From the Racine Journal Times article, August 26, 1997, by Mark Hertzberg:
Imagine a dapper mustachioed man clicking, clicking, clicking pictures for more than 70 years around Racine. Blizzards, civic celebrations, train wrecks and boats in the harbor were all part of Wilfred Marshall’s Racine, a Racine he preserved forever as he prowled the city’s streets with his camera.
Though he worked for the postal service, Marshall was really Racine’s first photojournalist. He was two months short of his 100th birthday when he died April 13, 1977, leaving behind a rich legacy of photos of 20th century Racine.
Marshall retired from the postal service in 1943, and according to his obituary, he was “usually found in the thick of any event … snapping away or carrying his tripod and camera from one position to another.”
He was on the scene taking pictures when a train derailed at the Racine Junction in 1906, as the result of a children’s prank. He documented the building of the new Main Street Bridge in 1907. He sloshed through the snow three years later to photograph a conductor shoveling a path for a Chicago-Milwaukee (North Shore) train that had gotten snowed in.
His photos show downtown buildings that are long gone, including the old Court House and the Rialto movie theater. He even photographed two different Hotel Racine buildings, one in 1906 and a newer one in 1922. Both stood at Sixth and Main streets, now a vacant lot since the Inn on theake was demolished. His photo of the Case Corp. headquarters in 1905 shows men in hats, horsedrawn wagons and streetcars making their way past the building, which sported striped awnings over its first-story windows.

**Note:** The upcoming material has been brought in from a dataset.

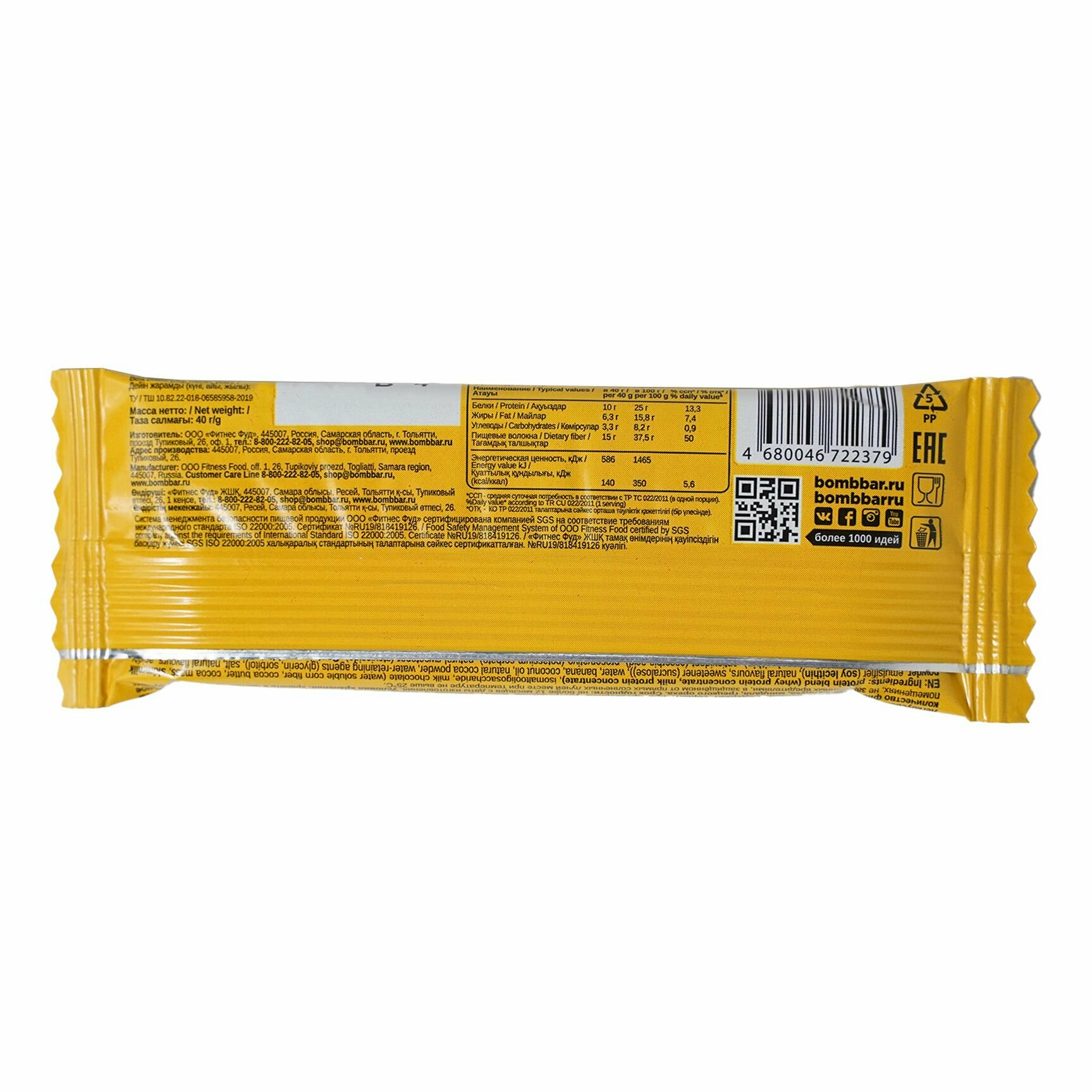 Bombbar, Протеиновый батончик в шоколаде 5шт х 40г (банановый пудинг)

Though Marshall had none of today’s high-speed films and lenses and other gizmos to work with, he tried his hand at night photography as far back as 1909, taking a natural light photo of Main Street that was lit up every night for a year to celebrate Racine’s Homecoming.
His photos would have been welcome on the pages of any newspaper today, but newspapers used few photos in the early 20th century, so his work remained largely unpublished until 1982 when Racine historian Gerald Karwowski and the weekly Shoreline Leader published a special section devoted to Marshall’s work. The response from readers was so good that the weekly newspaper published a second special section of Marshall photos in 1986.

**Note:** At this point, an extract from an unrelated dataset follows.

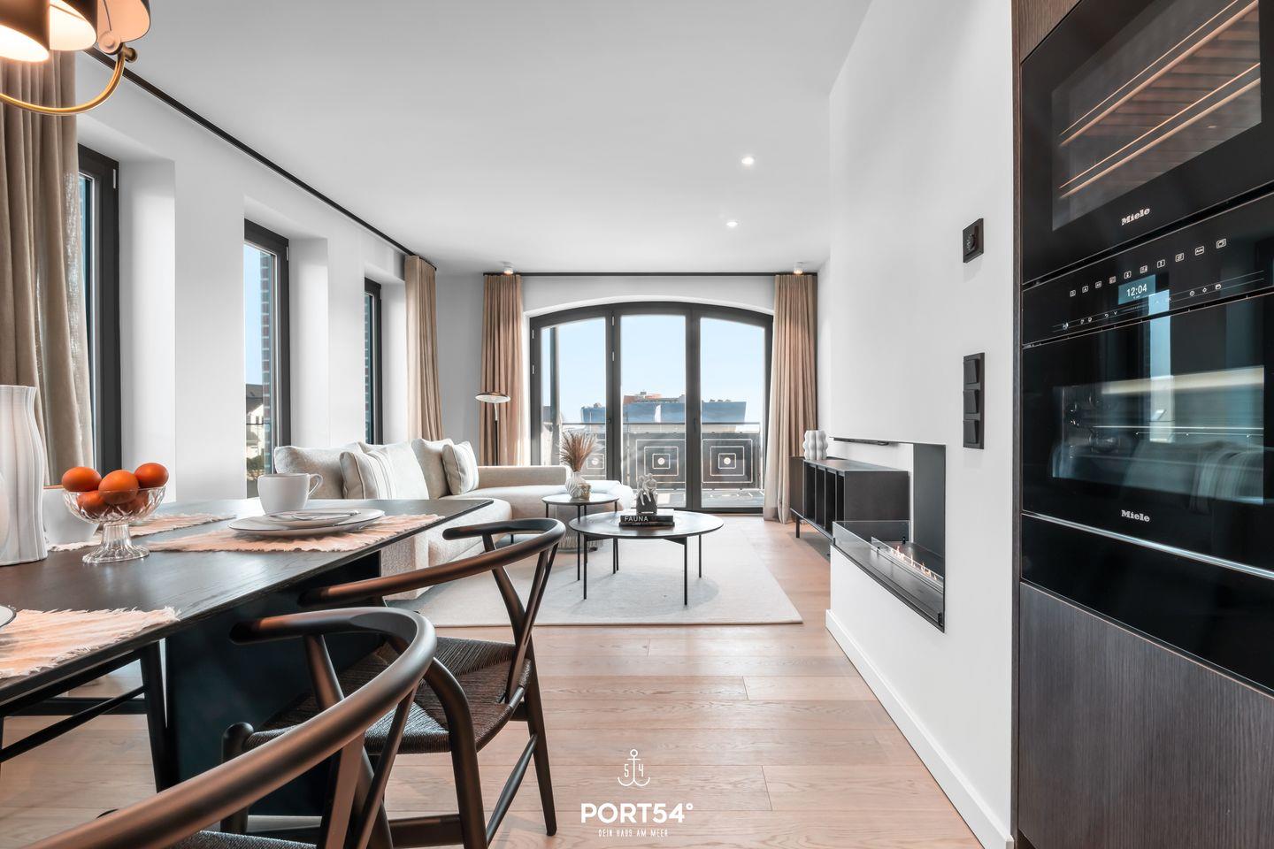 Die Wohnung ist außerdem luxuriös und modern gestaltet, mit einem offenen Wohnbereich, der durch einen Ethanol-Kamin für Gemütlichkeit sorgt. Die Fußbodenheizung und zentrale Heizungsanlage garantieren, dass es dir auch an kühleren Tagen richtig warm und behaglich bleibt. Für die Unterhaltung sorgt ein Smart TV, und das kostenlose WLAN ermöglicht es dir, auch während deines Urlaubs mit Freunden in Kontakt zu bleiben oder deine Erlebnisse in den sozialen Medien zu teilen.

Karwowski bought the collection of more than 1,000 Marshall photos from an antique dealer because of his interest in local history.
“There is no other collection like it,” he says, because it fills in a big gap in the early 1900s missing from other collections of historic photos of Racine. “So many (of the photos) are identified, which is also what makes them unique and is great for historical purposes.”

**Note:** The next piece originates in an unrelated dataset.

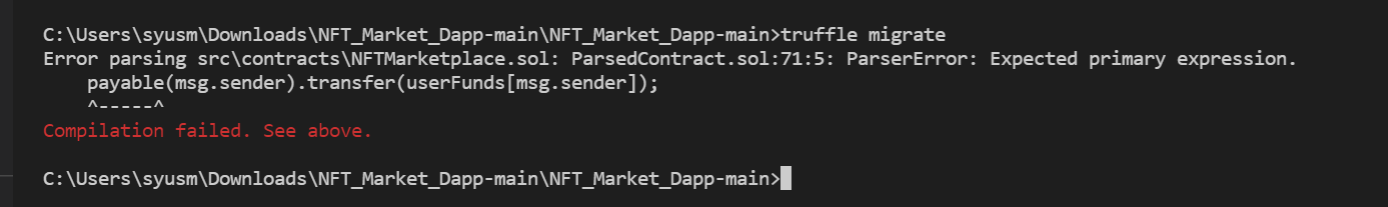 팀원한테 물어보니 payable이 truffle버전 5이상부터 된다는 얘기를 해서 (하지만 관련문서를 찾아봐도 잘안나온다 솔리디티 버전에 관한 얘기는 있는데 "address payable not supported in solc 0.4.x or earlier." 나는 solc버전이 0.8이었어서...)

Marshall lived at 2200 Kinzie Ave. for about 40 years, before moving to an apartment at 1006 Park Ave. around 1970. Five years later, he was beaten by two men who broke into the apartment, and he then moved into a nursing home.
It was fitting that Marshall photographed the dedication of the Spanish-American Soldiers Monument in Mound Cemetery in 1909 because when he died April 13, 1977, he was the city’s oldest veteran of that war. He was preceded in death by his wife, Evelyn (1951), and son, Bob (1974). His grandson, Jack, taught at Jerstad-Agerholm Middle School and has retired to Green Lake.
He remembers his grandfather well. “Particularly, I remember holidays,” he said in a 1995 interview. “Everybody would have to follow his strict orders so he could get his family pictures the way he wanted. Sometimes he even moved the Christmas tree to a different part of the room.”
Many of Wilfred Marshall’s photos will be published in the Journal Times in the coming months as we help celebrate the city’s sesquicentennial.